### EXERCISE DESCRIPTION
Exact reproduction required: the lines below from the line with "Die Grafik stellt" to the line with "Handmade Wooden Table", both ends included, and no others.

GIVEN RECORDS Start Marker

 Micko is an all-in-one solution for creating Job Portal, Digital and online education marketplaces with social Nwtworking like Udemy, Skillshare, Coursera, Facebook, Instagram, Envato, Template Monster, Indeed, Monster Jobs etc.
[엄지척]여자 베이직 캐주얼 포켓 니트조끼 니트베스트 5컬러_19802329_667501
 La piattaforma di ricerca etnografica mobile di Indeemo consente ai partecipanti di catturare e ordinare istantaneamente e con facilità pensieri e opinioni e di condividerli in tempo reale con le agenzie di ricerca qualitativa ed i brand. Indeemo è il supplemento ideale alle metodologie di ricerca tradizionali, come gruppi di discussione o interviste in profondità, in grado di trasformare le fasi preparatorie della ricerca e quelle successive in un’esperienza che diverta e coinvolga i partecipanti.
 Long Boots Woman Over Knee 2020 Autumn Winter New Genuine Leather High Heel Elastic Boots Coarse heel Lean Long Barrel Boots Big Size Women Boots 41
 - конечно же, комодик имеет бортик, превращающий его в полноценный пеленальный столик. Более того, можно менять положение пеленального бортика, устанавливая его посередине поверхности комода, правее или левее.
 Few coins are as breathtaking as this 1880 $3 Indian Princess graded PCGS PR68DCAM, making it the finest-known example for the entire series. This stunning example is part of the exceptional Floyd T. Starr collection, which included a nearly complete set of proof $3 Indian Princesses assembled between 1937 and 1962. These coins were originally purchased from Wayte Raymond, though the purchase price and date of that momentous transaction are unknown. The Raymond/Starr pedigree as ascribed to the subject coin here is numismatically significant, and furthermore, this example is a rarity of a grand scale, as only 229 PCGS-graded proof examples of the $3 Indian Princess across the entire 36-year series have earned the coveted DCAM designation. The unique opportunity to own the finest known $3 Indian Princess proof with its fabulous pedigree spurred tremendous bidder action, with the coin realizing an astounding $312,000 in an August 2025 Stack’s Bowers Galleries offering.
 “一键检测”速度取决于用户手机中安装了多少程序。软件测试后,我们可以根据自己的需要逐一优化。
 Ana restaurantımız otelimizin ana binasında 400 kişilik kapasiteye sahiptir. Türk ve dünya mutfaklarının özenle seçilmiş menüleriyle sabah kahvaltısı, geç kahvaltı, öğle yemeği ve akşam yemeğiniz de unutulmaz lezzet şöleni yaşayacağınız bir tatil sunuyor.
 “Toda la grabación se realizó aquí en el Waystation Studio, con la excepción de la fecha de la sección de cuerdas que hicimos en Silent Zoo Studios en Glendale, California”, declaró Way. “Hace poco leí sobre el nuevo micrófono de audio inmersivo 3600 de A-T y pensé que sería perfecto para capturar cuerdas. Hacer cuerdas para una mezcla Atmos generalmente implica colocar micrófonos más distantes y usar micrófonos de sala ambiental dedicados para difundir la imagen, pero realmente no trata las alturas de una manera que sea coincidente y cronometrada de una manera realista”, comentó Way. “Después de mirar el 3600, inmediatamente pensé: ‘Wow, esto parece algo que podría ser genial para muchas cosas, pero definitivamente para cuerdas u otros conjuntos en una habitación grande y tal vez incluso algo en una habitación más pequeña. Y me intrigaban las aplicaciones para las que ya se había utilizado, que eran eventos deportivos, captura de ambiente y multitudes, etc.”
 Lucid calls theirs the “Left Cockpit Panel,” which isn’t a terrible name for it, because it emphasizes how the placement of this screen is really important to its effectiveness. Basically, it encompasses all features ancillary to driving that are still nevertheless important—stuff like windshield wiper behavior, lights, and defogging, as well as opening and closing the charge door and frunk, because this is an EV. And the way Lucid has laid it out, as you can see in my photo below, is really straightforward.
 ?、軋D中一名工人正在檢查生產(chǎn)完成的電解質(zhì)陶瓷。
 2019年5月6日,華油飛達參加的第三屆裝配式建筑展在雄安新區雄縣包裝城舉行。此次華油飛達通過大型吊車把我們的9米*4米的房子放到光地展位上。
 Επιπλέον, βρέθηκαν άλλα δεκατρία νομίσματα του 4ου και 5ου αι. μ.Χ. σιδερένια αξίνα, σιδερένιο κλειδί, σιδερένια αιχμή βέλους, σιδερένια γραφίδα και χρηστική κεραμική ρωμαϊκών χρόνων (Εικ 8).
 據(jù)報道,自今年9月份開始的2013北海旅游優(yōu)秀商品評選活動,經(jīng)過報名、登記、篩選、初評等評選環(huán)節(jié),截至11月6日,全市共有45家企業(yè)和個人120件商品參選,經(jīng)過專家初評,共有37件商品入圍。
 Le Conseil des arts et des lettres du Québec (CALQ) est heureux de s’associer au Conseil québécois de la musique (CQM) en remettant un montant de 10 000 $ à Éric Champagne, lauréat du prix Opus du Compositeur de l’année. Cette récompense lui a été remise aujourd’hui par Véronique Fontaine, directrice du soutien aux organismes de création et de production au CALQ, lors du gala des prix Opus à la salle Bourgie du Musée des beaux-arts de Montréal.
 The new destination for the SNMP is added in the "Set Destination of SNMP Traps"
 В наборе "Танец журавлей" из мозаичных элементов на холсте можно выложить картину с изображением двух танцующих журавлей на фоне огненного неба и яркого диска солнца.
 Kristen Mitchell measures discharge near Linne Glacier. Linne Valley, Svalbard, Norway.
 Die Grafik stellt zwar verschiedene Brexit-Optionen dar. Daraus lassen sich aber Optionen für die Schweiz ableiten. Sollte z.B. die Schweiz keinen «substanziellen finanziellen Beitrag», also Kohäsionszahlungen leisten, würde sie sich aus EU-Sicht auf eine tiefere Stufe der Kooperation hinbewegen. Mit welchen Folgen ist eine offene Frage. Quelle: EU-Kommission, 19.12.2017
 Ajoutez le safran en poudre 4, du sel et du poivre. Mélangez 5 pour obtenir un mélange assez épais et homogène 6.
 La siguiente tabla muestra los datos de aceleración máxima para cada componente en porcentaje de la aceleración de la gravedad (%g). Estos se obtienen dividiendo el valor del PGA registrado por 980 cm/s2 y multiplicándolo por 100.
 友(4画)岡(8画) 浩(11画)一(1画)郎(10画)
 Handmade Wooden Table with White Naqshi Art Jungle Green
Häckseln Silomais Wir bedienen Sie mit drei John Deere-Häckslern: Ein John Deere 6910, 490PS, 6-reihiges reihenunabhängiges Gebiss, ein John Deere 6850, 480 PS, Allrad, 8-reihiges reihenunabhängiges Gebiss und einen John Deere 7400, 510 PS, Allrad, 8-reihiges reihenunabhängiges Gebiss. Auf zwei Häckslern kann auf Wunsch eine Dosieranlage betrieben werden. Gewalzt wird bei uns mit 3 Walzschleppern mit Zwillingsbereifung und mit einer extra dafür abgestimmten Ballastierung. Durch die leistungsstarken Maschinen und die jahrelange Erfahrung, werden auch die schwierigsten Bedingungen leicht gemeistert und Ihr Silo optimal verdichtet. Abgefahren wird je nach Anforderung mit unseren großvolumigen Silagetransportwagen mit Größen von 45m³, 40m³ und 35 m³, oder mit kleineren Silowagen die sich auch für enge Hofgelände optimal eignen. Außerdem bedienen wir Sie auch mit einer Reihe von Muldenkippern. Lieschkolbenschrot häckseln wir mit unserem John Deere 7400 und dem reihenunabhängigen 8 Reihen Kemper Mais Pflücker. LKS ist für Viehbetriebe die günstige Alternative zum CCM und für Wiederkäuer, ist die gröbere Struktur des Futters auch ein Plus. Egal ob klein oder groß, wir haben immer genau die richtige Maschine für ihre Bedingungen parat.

GIVEN RECORDS End Marker

### TASK ANSWER
 Die Grafik stellt zwar verschiedene Brexit-Optionen dar. Daraus lassen sich aber Optionen für die Schweiz ableiten. Sollte z.B. die Schweiz keinen «substanziellen finanziellen Beitrag», also Kohäsionszahlungen leisten, würde sie sich aus EU-Sicht auf eine tiefere Stufe der Kooperation hinbewegen. Mit welchen Folgen ist eine offene Frage. Quelle: EU-Kommission, 19.12.2017
 Ajoutez le safran en poudre 4, du sel et du poivre. Mélangez 5 pour obtenir un mélange assez épais et homogène 6.
 La siguiente tabla muestra los datos de aceleración máxima para cada componente en porcentaje de la aceleración de la gravedad (%g). Estos se obtienen dividiendo el valor del PGA registrado por 980 cm/s2 y multiplicándolo por 100.
 友(4画)岡(8画) 浩(11画)一(1画)郎(10画)
 Handmade Wooden Table with White Naqshi Art Jungle Green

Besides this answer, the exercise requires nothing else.